With the sequence that obtains word behind the sentence forward maximum match participle be: { " Shingle ", " extensively ", " application ", " on a large scale ", " similar ", " text ", " detection ", " technology " }

Window ω is that 2 S (D, 2) set is: { " Shingle is extensive ", " widespread use ", " using extensive ", " similar on a large scale ", " similar text ", " text detection ", " detection technique " }

When if window ω is 4 (usually being made as 4 in the real system), define the S set that the character string of two documents and sign is formed ₁(D, ω), S ₂(D, ω), a=|S ₁I S ₂| expression S ₁, S ₂Public identical sequence, we represent S with R so ₁, S ₂Likelihood:

R = \frac{| S_{1} \cap S_{2} |}{| S_{1} \cup S_{2} |} = \frac{a}{f_{1} + f_{2} - a},

f ₁＝|S ₁|，f ₂＝|S ₂|，a＝|S ₁∩S ₂|

The concrete meaning of R is: the shingle number that two documents are identical and the ratio of the shingle number that they are total, when R approaches 1 more, these two pieces of documents are similar more so.

The web page text information of extracting in the 201 pairs of first segments is carried out forward maximum match word segmentation processing, generates the set of word (tokens).The forward maximum match divides the main flow process of word algorithm as follows: suppose that the Chinese character number is MAX in the long word bar in the automatic word segmentation dictionary, then get preceding MAX word in the pending text as matching field, search the participle dictionary, if in the dictionary such MAX words is arranged, then the match is successful, and matching field is cut out as a speech; If can not find such MAX words in the dictionary, then it fails to match, and the last character of this matching field is removed, and repeats above process, till the match is successful.So just finish once coupling, promptly matched a speech.And then go on by top step, till all speech in being syncopated as text.

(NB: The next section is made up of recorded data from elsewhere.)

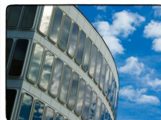
Palazzo Affari, sede degli uffici al pubblico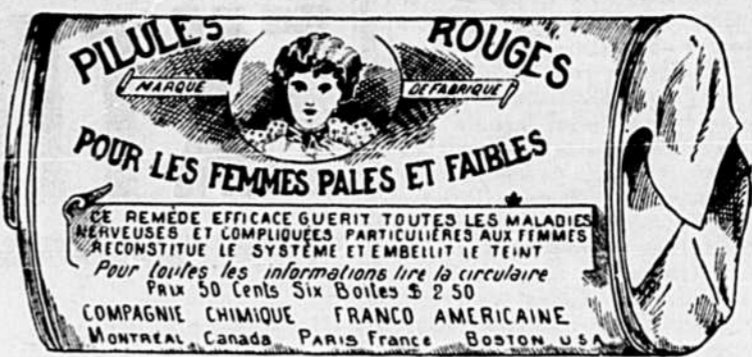
Fac-similé exact d'une boîte de Pilules Rouges.

Nos Pilules Rouges sont une spécialité pour les maladies des femmes seulement ; c'est ce qui fait leur force et leur popularité. Il est impossible à un remède de guérir tous les maux. Jamais, dans l'histoire de la médecine, un remède n'a obtenu autant de guérisons que nos Pilules Rouges. Nous demandons à nos nombreuses clientes de ne pas comparer nos Pilules Rouges aux autres remèdes guérissant tous les maux, entre autres, aux remèdes liquides qui ne doivent leur effet stimulant qu'à l'alcool qu'ils renferment.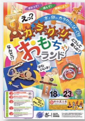
平成15年1~2月 さわって!遊んで! 挑戦しよう! カラクリおもちゃランド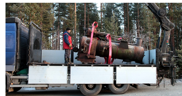
Lokomobilens kjele.

For mange år siden ble det anskaffet en lokomobil til Krøderbanen. Den hadde i sin tid stått på et sagbruk på Letmoli i Sigdal, og meningen var at den skulle settes i stand slik at den kunne demonstreres ved spesielle anledninger. Av forskjellige grunner har dette ikke latt seg gjennomføre, og lokomobilen har stått lagret under en presenning på en godsvogn på Kløtgefoss.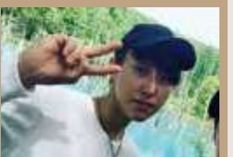
休日は、仲の良い友人と出かけます。これは美瑛の青い池に行った時のものです。

ホテルの調理は、様々な料理を手がけるため幅広い技術が身に付きます。先輩方の丁寧な教え方も相まって成長できる環境です。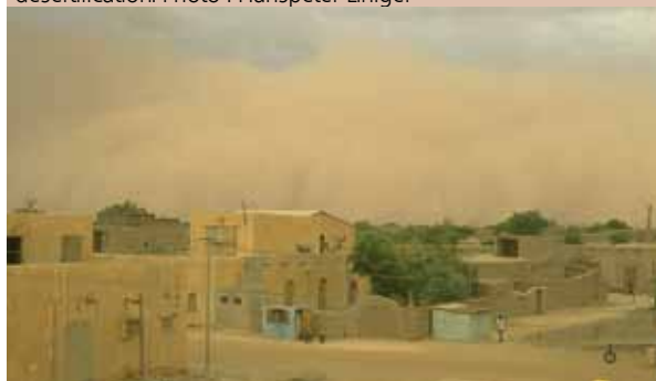
Impacts ex situ d'une exploitation non durable des terres : les tempêtes de poussière bien connues provoquent de nombreux dégâts.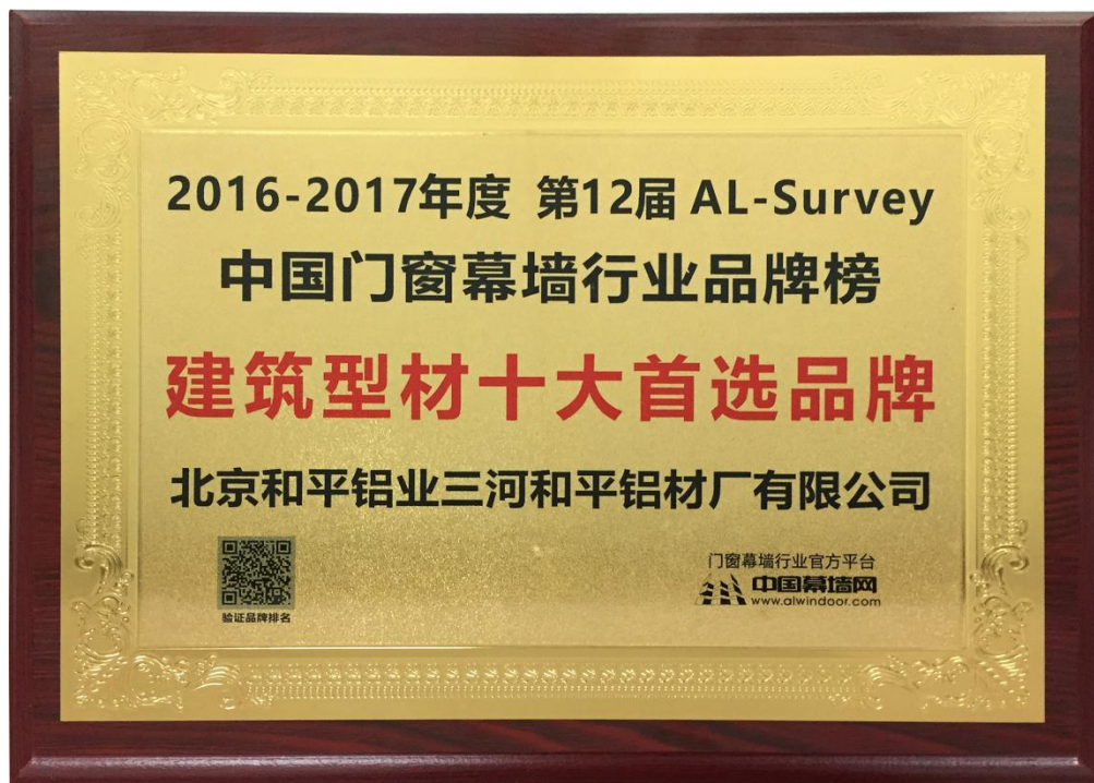
建筑型材十大首选品牌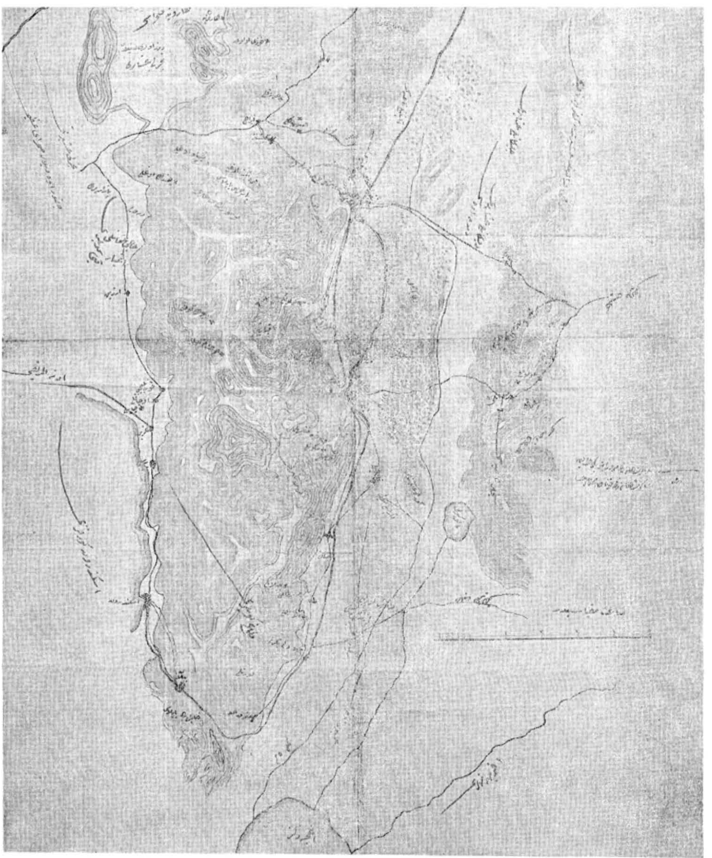
Fırka-i İslâhiye'nin takip ettiği yollar.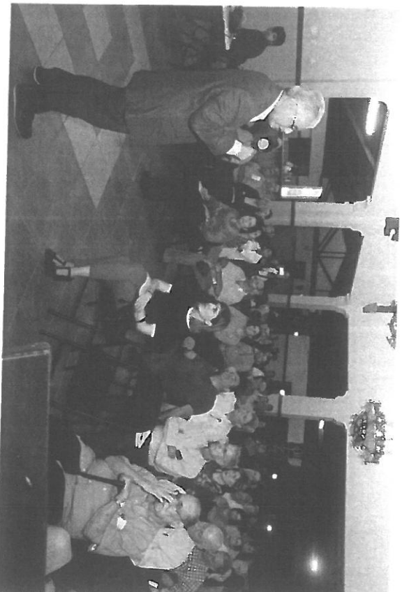
Palabras por el Alcalde del Distrito Capital José Isabel Blandón.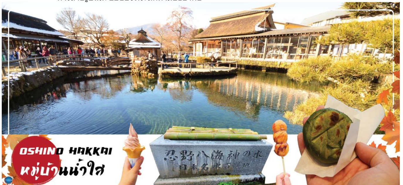
OSHINO HAKKAI หมู่บ้านน้ำใส

นำท่านชม หมู่บ้านโอชิโนะฮักไก (Oshino Hakkai) เป็นในช่วงฤดูใบไม้เปลี่ยนสีเป็นจุดท่องเที่ยวสำคัญอีกสถานที่หนึ่ง โดยมีวิวภูเขาไฟฟูจิสีขาวตัดกับพื้นหลังสีฟ้า และใบไม้เปลี่ยนสี สีเหลือง แดง ส้ม เป็นภาพที่สวยงามมาก โอชิโนะฮักไกเป็นหมู่บ้านเล็กๆ ประกอบด้วยบ่อน้ำ 8 บ่อในโอชิโนะ ตั้งอยู่ระหว่างทะเลสาบคาวากูจิโกะ กับทะเลสาบยามานาคาโกะ บ่อน้ำทั้ง 8 นี้เป็นน้ำจากหิมะที่ละลายในช่วงฤดูร้อน ที่ไหลมาจากทางลาดใกล้ภูเขาไฟฟูจิผ่านหินลาวาที่มีรูพรุนอายุกว่า 80 ปี ทำให้น้ำใสสะอาดเป็นพิเศษ นอกจากนี้ยังมีร้านอาหาร ร้านจำหน่ายของที่ระลึก และชมรอบๆบ่อที่ขายทั้งผัก ขนมหวาน ผักดอง งานฝีมือ และผลิตภัณฑ์ท้องถิ่นอื่นๆ อีสาระให้ท่านได้เพลิดเพลินกับการถ่ายรูปและซื้อของที่ระลึกตามอัธยาศัย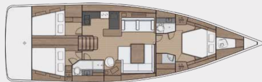
LOWER DECK 3 cabins, 2 bathrooms version - Version 3 cabines, 2 salles d'eau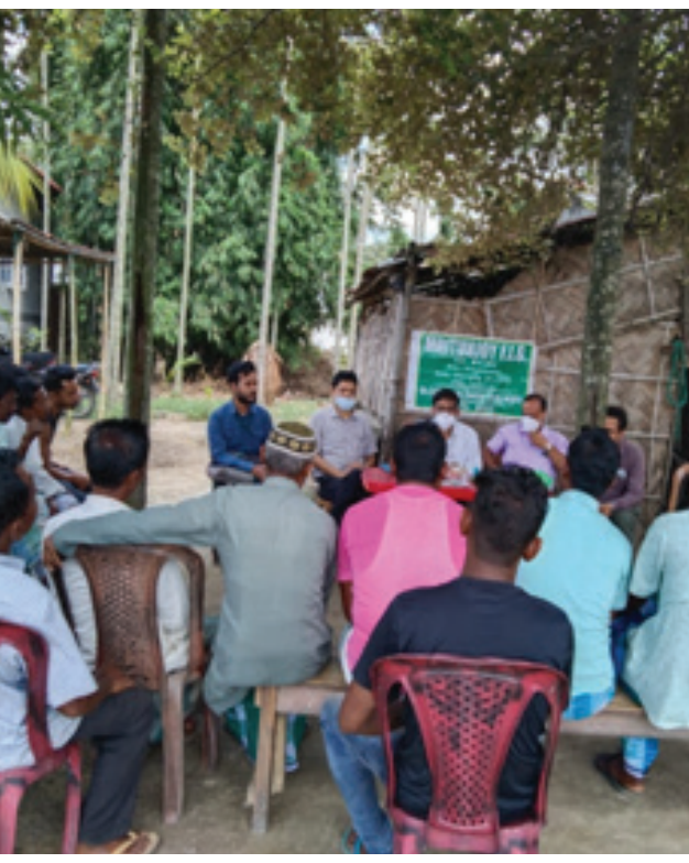
Interaction of WorldVeg team Centre team with FIGs, Vegetable farmers and traders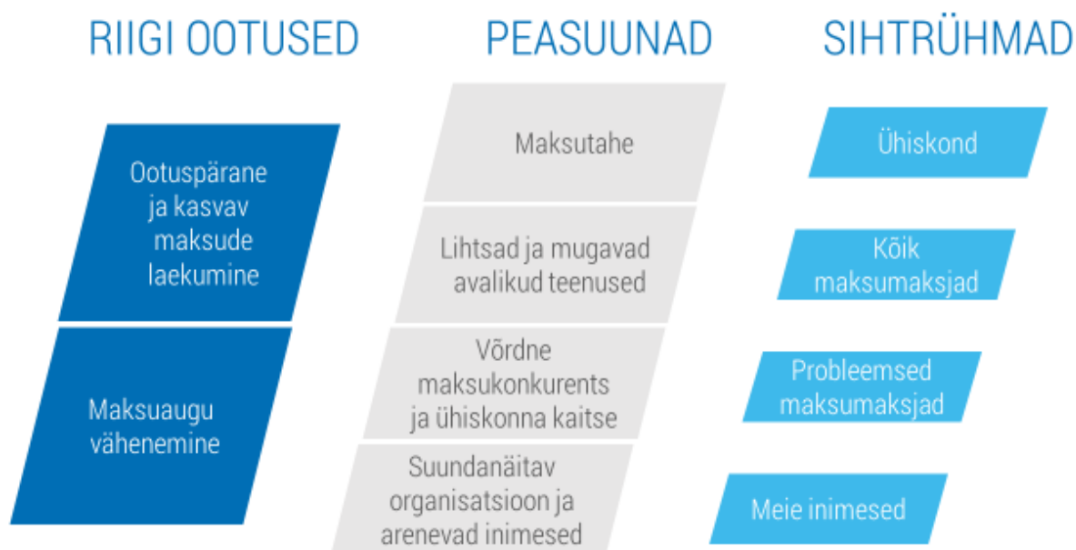
Joonis: Maksu- ja Tolliameti strateegiapilt: riigi ootused ja strateegilised peasuunad

Maksu- ja Tolliameti strateegiapilt koosneb asutusele seatud riigi ootustest ja valitud pikaajalistest strateegilistest suundadest, mille alla koonduvad 2020. aasta eesmärgid: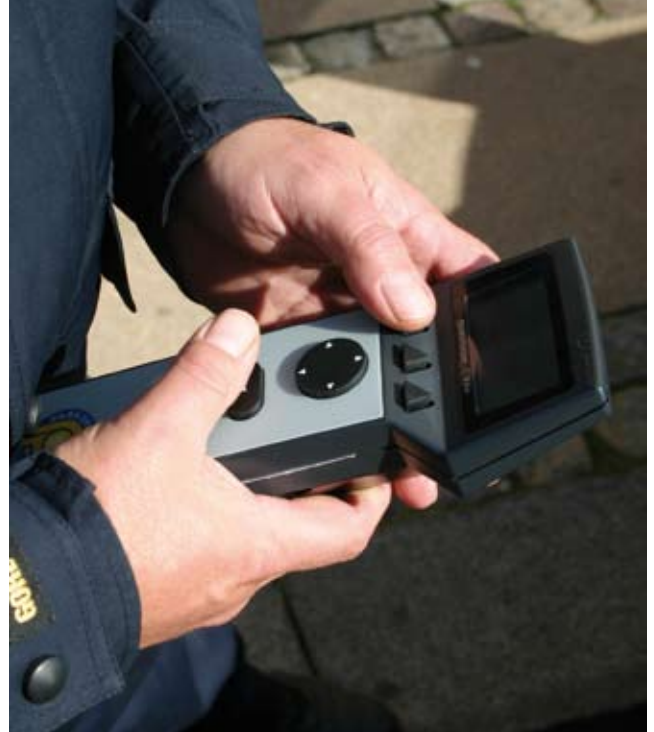
Med den lille terminal skrives bøderne ud på stedet.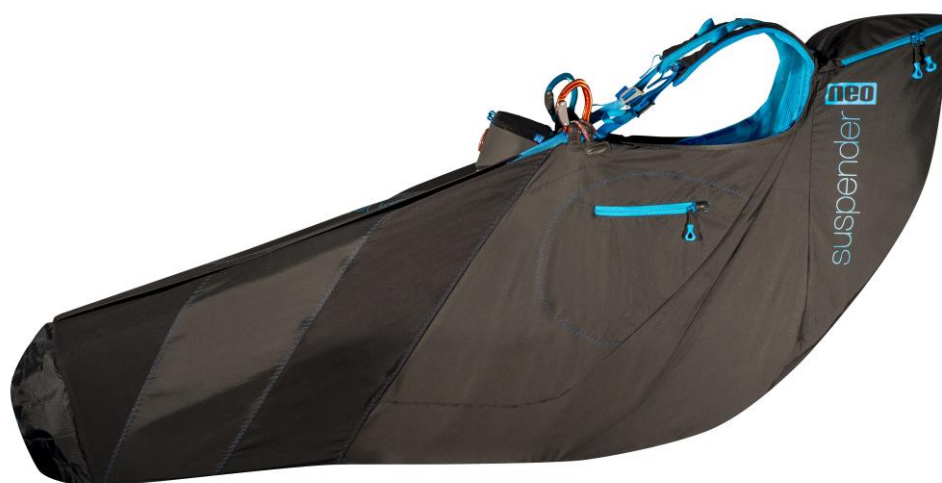
03-17-0460 17-0657 neo koroyd 1.0 intégrée dans la sellette NEO Suspenders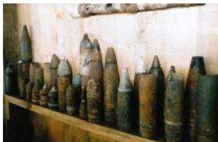
11. attēls. Kurzemes mežos atrastie artilērijas šāviņi.

Noteikti ir jāpiemin Kurzemes cietokšņa muzejs Zantē, ko izveidojis viens cilvēks – Ilgvars Brucis. Muzejā ir apskatāma bagātīga (> 8000 eksponātu) un saistoša militāra rakstura ekspozīcija par 1. pasaules karu un 2. pasaules kara darbību t.s. Kurzemes cietoksnī, kas ir muzeja galvenā tematika.

The word frequency of the word of 202 statistical systems, the function word that filters out the low justice of high frequency make up the initial vocabulary of stopping using as stop words.Discern the neologisms that repeatedly occur by The result of statistics, and neologisms are joined in the dictionary database.(dictionary database is the data source of forward maximum matching algorithm, has only by continuing to optimize dictionary database, and the algorithm participle just can be more accurate)

The 203 inactive vocabularys that used for second step made up filter out insignificant noise in the webpage.By the window size of setting, generate the Shingles set.(from precision ratio and recall ratio, window size is the smaller the better; From display effect, window size is big more, and the effect of demonstration is good more.Window is got 2-4 and is advisable generally speaking)

3 clusters

Cluster is the process that concrete or abstract set grouping is become a plurality of classes of being made up of similar object, its main foundation is that similar or close object is classified as a class, the object that difference is big is in the different classes, what generated like this bunch is the set of one group of data object, these objects are similar each other to other object in same bunch, and different each other with the object in other bunch.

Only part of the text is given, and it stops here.